When someone is injured due to the negligence of a medical professional, they may be able to secure compensation for their injuries through a Washington, D.C. medical malpractice lawsuit. However, due to the complex nature of these lawsuits, there are often multiple experts involved. Often, these experts are called to establish the element of causation.
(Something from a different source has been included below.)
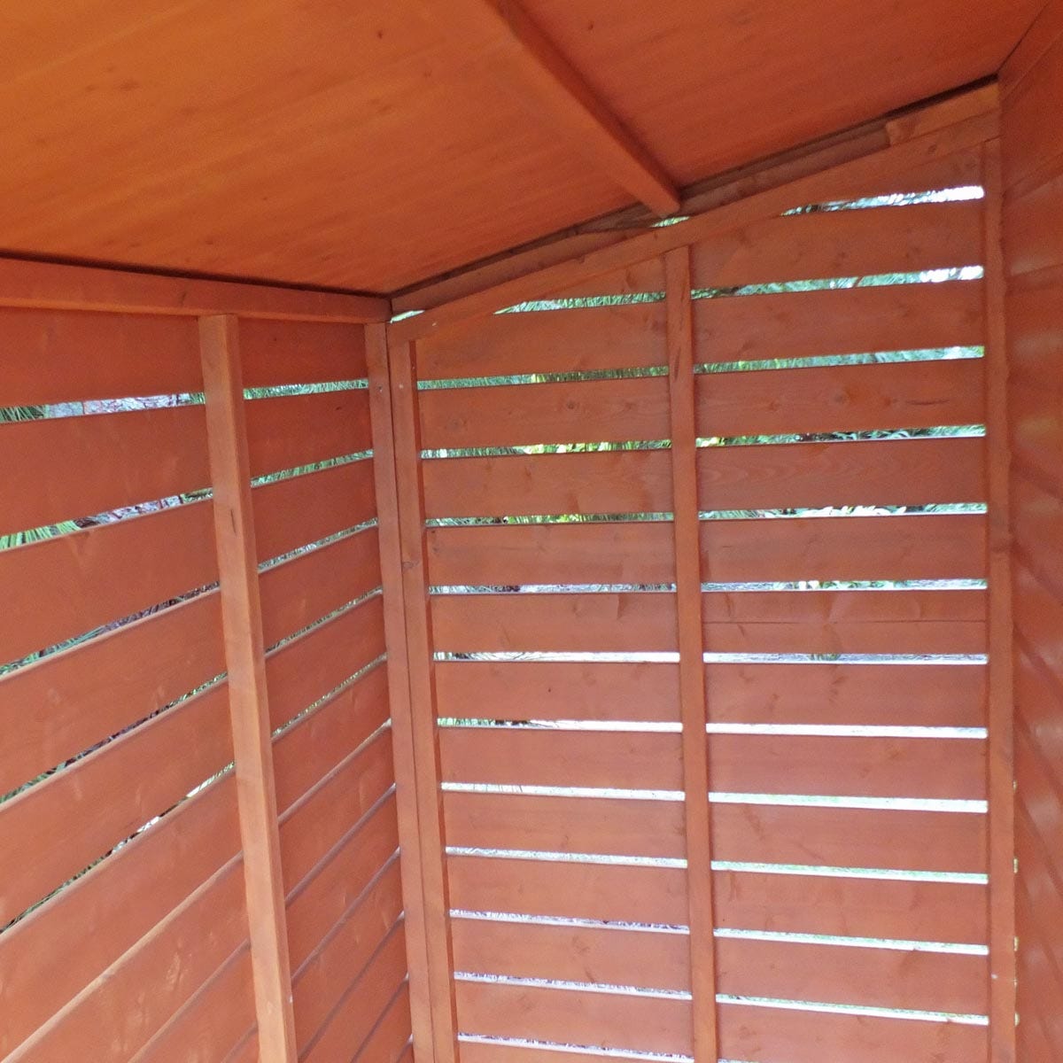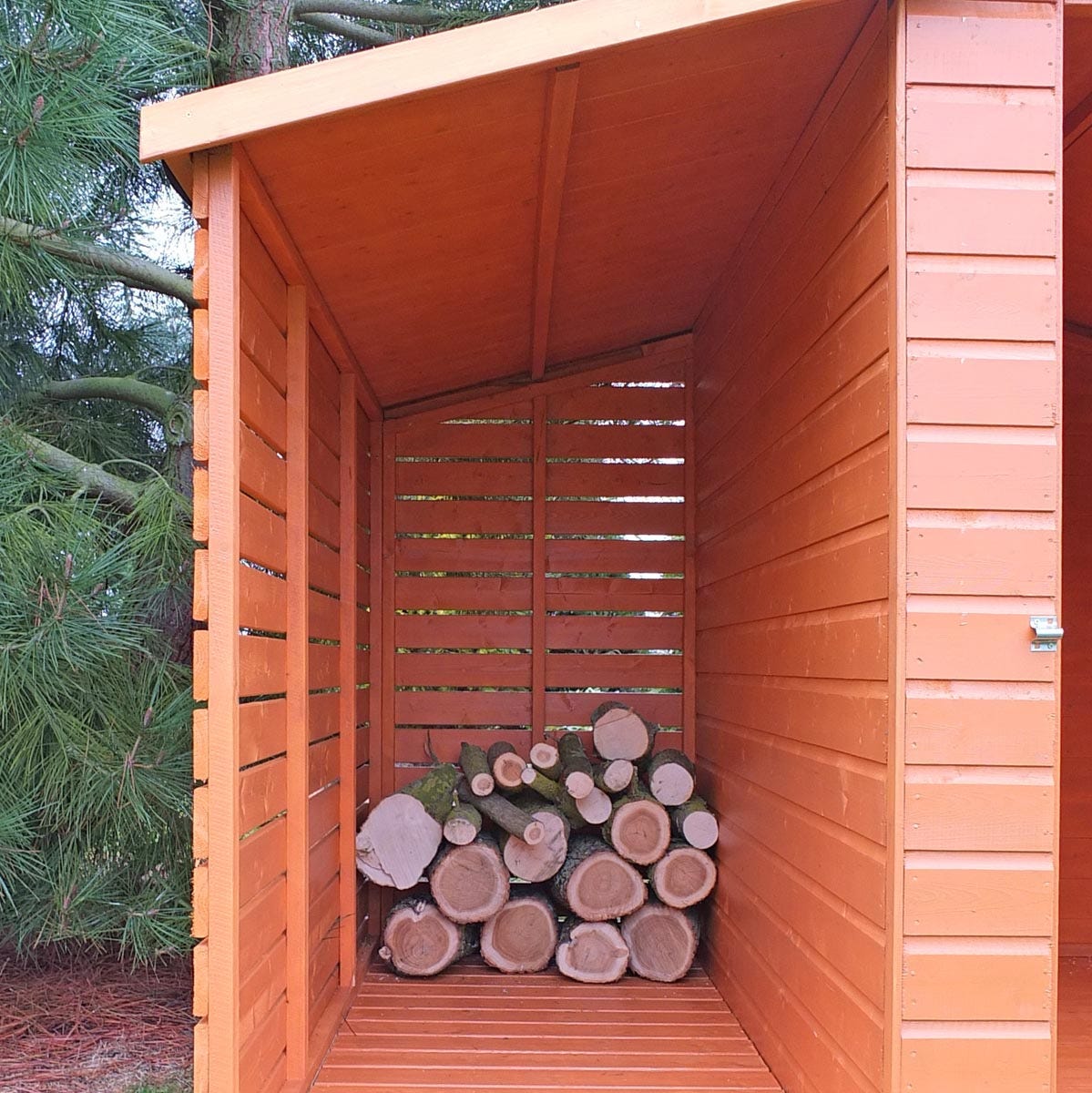 The log store is made to the same high specification as the shed but has slatted walls to promote airflow around the logs to allow drying.

Causation in a medical malpractice case is a critical element that must be established by the plaintiff. In order to successfully prove causation, a plaintiff must present some testimony establishing that the defendant’s actions were the cause of the plaintiff’s injuries. Thus, it will not be enough for the plaintiff to establish that the defendant medical professional was negligent; it must also be shown that the defendant’s negligence resulted in the plaintiff’s injuries. A recent case illustrates the consequences one plaintiff suffered after failing to connect the dots in a medical malpractice lawsuit.
The Facts of the Case
The plaintiff had a laparoscopic hysterectomy performed by the defendant doctor. During the surgery, the defendant perforated the plaintiff’s bowel, and despite checking for any injuries before finishing the surgery, he did not notice the perforation. After the surgery, the plaintiff was experiencing abdominal pain and difficulty urinating.
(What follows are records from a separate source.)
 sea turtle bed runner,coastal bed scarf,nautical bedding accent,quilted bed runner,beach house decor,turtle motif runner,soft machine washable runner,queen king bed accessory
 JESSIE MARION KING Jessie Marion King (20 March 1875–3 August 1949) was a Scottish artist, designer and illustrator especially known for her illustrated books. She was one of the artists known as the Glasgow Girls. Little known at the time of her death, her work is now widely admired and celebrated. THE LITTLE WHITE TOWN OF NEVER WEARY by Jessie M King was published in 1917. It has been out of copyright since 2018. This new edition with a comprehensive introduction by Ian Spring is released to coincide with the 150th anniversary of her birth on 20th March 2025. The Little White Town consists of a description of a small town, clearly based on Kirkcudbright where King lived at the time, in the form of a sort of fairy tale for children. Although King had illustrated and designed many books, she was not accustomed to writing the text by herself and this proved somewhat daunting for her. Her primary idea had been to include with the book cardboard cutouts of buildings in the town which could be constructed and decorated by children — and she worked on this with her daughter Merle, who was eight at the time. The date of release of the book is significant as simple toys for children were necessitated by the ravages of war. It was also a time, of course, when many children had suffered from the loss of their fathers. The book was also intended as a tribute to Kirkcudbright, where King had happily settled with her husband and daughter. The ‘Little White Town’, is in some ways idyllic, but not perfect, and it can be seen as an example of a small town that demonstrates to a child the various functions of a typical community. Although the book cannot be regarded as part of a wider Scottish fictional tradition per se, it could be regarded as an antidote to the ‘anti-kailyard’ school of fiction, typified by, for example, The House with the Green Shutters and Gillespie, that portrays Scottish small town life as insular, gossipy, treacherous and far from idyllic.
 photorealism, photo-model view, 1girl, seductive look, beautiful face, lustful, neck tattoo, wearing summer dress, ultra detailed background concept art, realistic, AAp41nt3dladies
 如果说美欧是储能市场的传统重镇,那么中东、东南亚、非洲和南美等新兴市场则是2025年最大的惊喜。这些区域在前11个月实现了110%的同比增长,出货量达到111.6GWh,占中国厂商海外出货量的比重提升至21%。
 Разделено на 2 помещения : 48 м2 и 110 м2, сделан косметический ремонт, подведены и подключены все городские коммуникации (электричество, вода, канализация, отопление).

The plaintiff was later diagnosed with a bowel perforation. The perforation was repaired by another doctor, and the plaintiff later filed a medical malpractice lawsuit. The plaintiff initially claimed that the doctor was negligent for perforating her bowel, for failing to notice the perforation, and for failing to consult with a general surgeon after discovering the perforation. However, at trial, the plaintiff abandoned the claim that the defendant was negligent in perforating her bowel. Thus, the case proceeded on the latter two theories only.
At trial, the plaintiff presented expert witness testimony that the defendant was negligent for failing to recognize the perforation and also for failing to consult with a general surgeon. However, there was no evidence presented regarding whether the plaintiff’s injuries would have been any less had the defendant recognized the perforation and consulted with a general surgeon.
The court determined that this lack of testimony was fatal to the plaintiff’s claim. The court explained that, in order to successfully prove a medical malpractice case, the plaintiff must establish each element of the claim. Here, the plaintiff presented evidence supporting a finding that the defendant was negligent, but there was no evidence linking the defendant’s negligence to the plaintiff’s injuries. And since the plaintiff did not claim that the defendant was negligent in perforating her bowel, the only injuries at issue were those that were worsened by the defendant’s failure to recognize and treat the perforation once it occurred.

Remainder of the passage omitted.